A hitch of ire, of defeat.
Takshivi la'milim sheli
—Listen to my words—it was something Sari, her teacher in
gan
, used to say, stooping and turning her face toward hers. Why did she have to explain it to him? Hadn't she already explained? She felt winded; talking to him was like trying to blow into a recorder, where you couldn't get your breath to gather into a note and all you could hear was panting and spit. “You never listen!” she said. “Forget it, I don't want your help!” She threw herself facedown on her pillow.

Daniel rubbed his mouth with two fingers, picked up a barrette from under his thigh, closed his hand over it, and looked at the cluster of totemic objects sitting on her desk among the messy piles of workbooks and the spray of pens and pencils: a tiny framed picture of herself with her parents, various rocks, beads, and small plastic animals, a flashlight powered by a hand crank, a coral bracelet Val had brought her back from a trip to Florida, a Lego helicopter. He wanted to help her, but everything he could think of he knew she'd reject. He proposed to himself that her difficulty was bigger than just one of arts and crafts, that it had to do with the concept of returning from the dead. Maybe it was his job to help release her from her painful fixation on that idea. That thought warmed in him and became pressing.

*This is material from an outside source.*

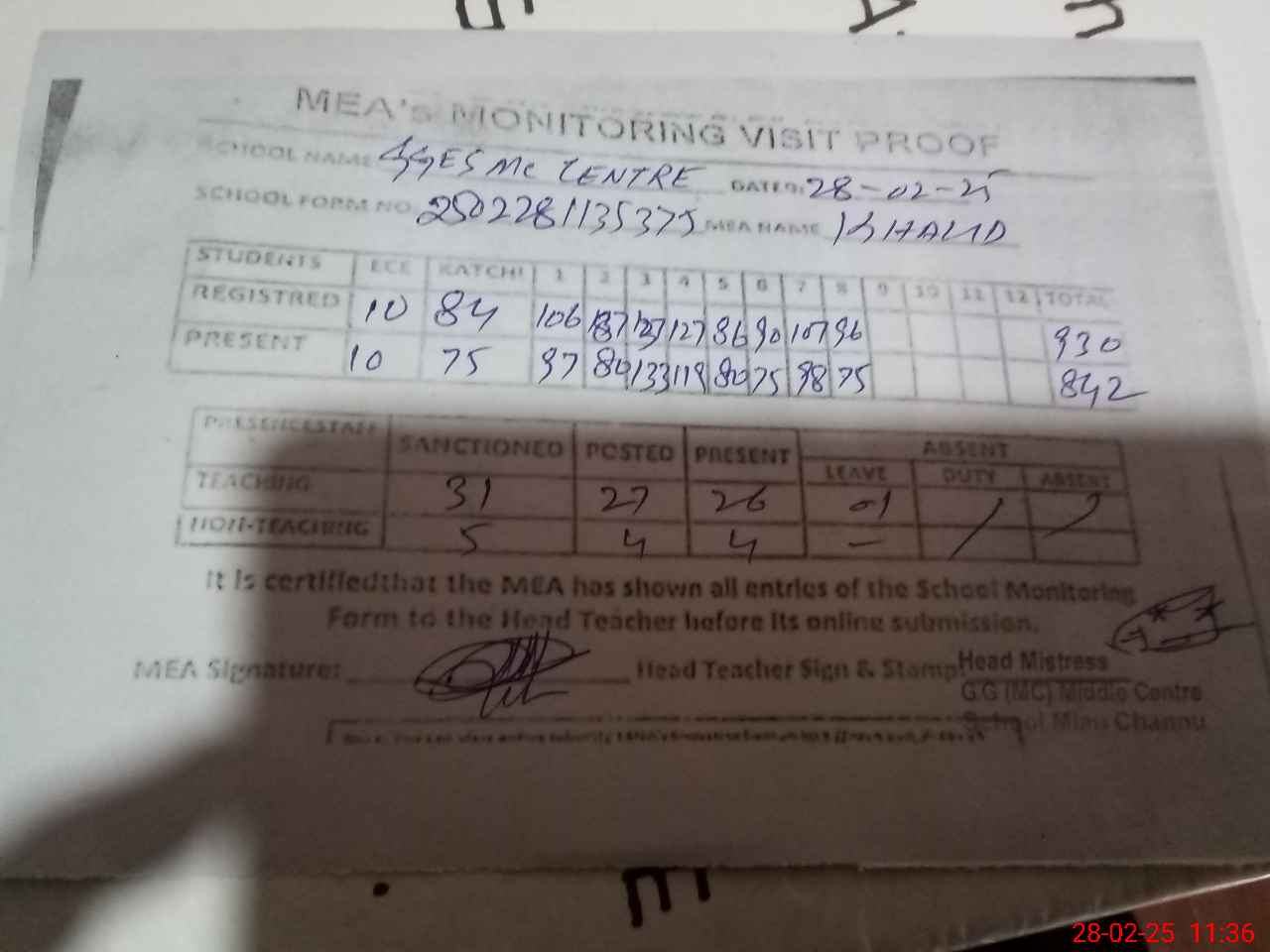 | Attendance Register | Head Teacher | MEA with School | Visit Proof |

“You know that people don't come back from the dead, right?” he said gently.


Oof!
” Gal shouted. She rose abruptly and kicked over the little stool she used as a side table; her clock and cup shot across the room and the clock burst open as it hit the wall, its batteries clattering to the floor. “Why you keep saying that?” she screamed. “You say you're helping me but you're
not
helping me, you never help me!”

“Fine,” Daniel said coldly. He got up and left the room, fuming, closing the door behind him, hearing her angry sobs as he went downstairs.

Matt had risen from the couch at the noise, and come to the bottom of the stairs. “What happened?”

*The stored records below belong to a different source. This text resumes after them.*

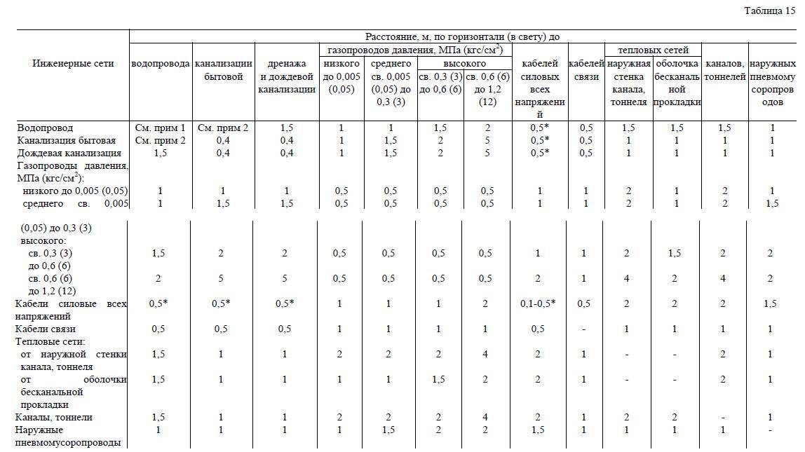 Если нет возможности избежать прокладки коммуникаций под проезжей частью, важно использовать трубы с применением металлического кожуха; от цоколя дома до коммуникаций – не меньше 4 м; дистанция от водяной и канализационной трубы к линии электропередач не менее 1 м; между системами водоснабжения и водоотвода и кабелями связи, силовыми кабелями допустимой нормой считается промежуток 0,5 м; от деревьев к водоснабжению нужно соблюдать промежуток в 2 м, к канализации – 1,5 м; расстояние между водопроводом и канализацией не меньше 0,4 м при параллельном расположении линий. При пересечении, специалисты рекомендуют водопровод располагать на 0,4 м выше канализации. Угол пересечения – 90о, острый угол запрещен; если использовались полимерные водопроводные трубы, в местах пересечения необходима дополнительная защита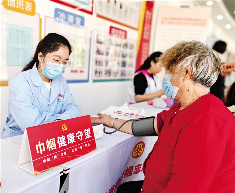 在“巾帼法护万家”摊位,市妇联创新开设“12338热线现场办公席”,接线员从电话那端来到居民面前;“巾帼健康守望”摊位前排起了队,志愿者们熟练地为居民测量血压、血糖;“巾帼暖心服务”摊位的3位理发师手中剪刀翻飞,一下午让数十位老人焕发新颜……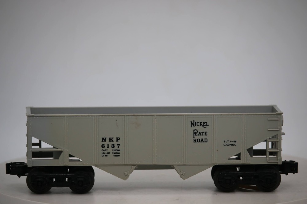 Lionel 1986 O Gauge 1:48 Scale Flat Gray Nickel Plate Road NKP 6137 SKU#009293 PLEASE READ BEFORE PURCHASING Condition: Please carefully review all photos for details on the item's condition. Photos are part of the description, and any notable flaws will be highlighted. Combined Shipping: If purchasing multiple items, please request a revised invoice before paying to ensure accurate combined shipping costs. eBay's system may not calculate this correctly, which could lead to overcharges. Lighting Disclaimer: Photos are taken under bright lighting to highlight details, which may cause slight variations in color or hue depending on your lighting. If you need additional photos (e.g., in natural light) or more details, please ask before purchasing. As-Is Items: Items marked "AS-IS" are untested and sold at a discount. These items may work but could also be better suited for parts. Refunds will cover only the item price, not shipping. What’s Included: Only the items shown in the photos and described in the listing are included in the purchase. We strive to describe items thoroughly and provide clear photos. If you have any questions or concerns not addressed in the listing, feel free to ask before purchasing. Thank you for shopping with us!

Daniel moved past him and sank into an armchair, his face rigidly set. “Nothing. I'm a terrible person who refuses to help. A ghost? It's not even original.”

“Did you say that?”

“No,” Daniel said, indignant. “Why does everybody keep treating me like a monster?”

Matt regarded him thoughtfully. “I'll tell you what,” he said. “I've been thinking, and I've made a decision.” He paused for dramatic effect. “I'm going to pull myself up by my bootstraps about this Halloween thing.”

“What?” Daniel said, mouth agape. He pounded himself on the ear. “I hear someone saying something, but it's very faint, very foreign, I don't know what language it's in.
Sprechen sie deutsch?

“Are you finished?” Matt asked. “Are you pleased with yourself?”

“Kinda,” Daniel said.

“Okay, forget it then.”

“No, tell me. Tell me your decision.”

“Don't condescend to me,” Matt said.

“I'm not. I really want to hear.”

Matt's hands were on his hips. “Okay. I've decided to use the kids' presence as an opportunity to get over my Halloween issues.”

“Really! Good for you, Matt,” Daniel said.

Matt shot him a look, a spot check for condescension, and when he saw none, his voice picked up with eagerness. “Don't you think this is a good moment for it? I can honor Jay by channeling his spirit into the holiday. And what do you think about this? I'm thinking of calling Kendrick.”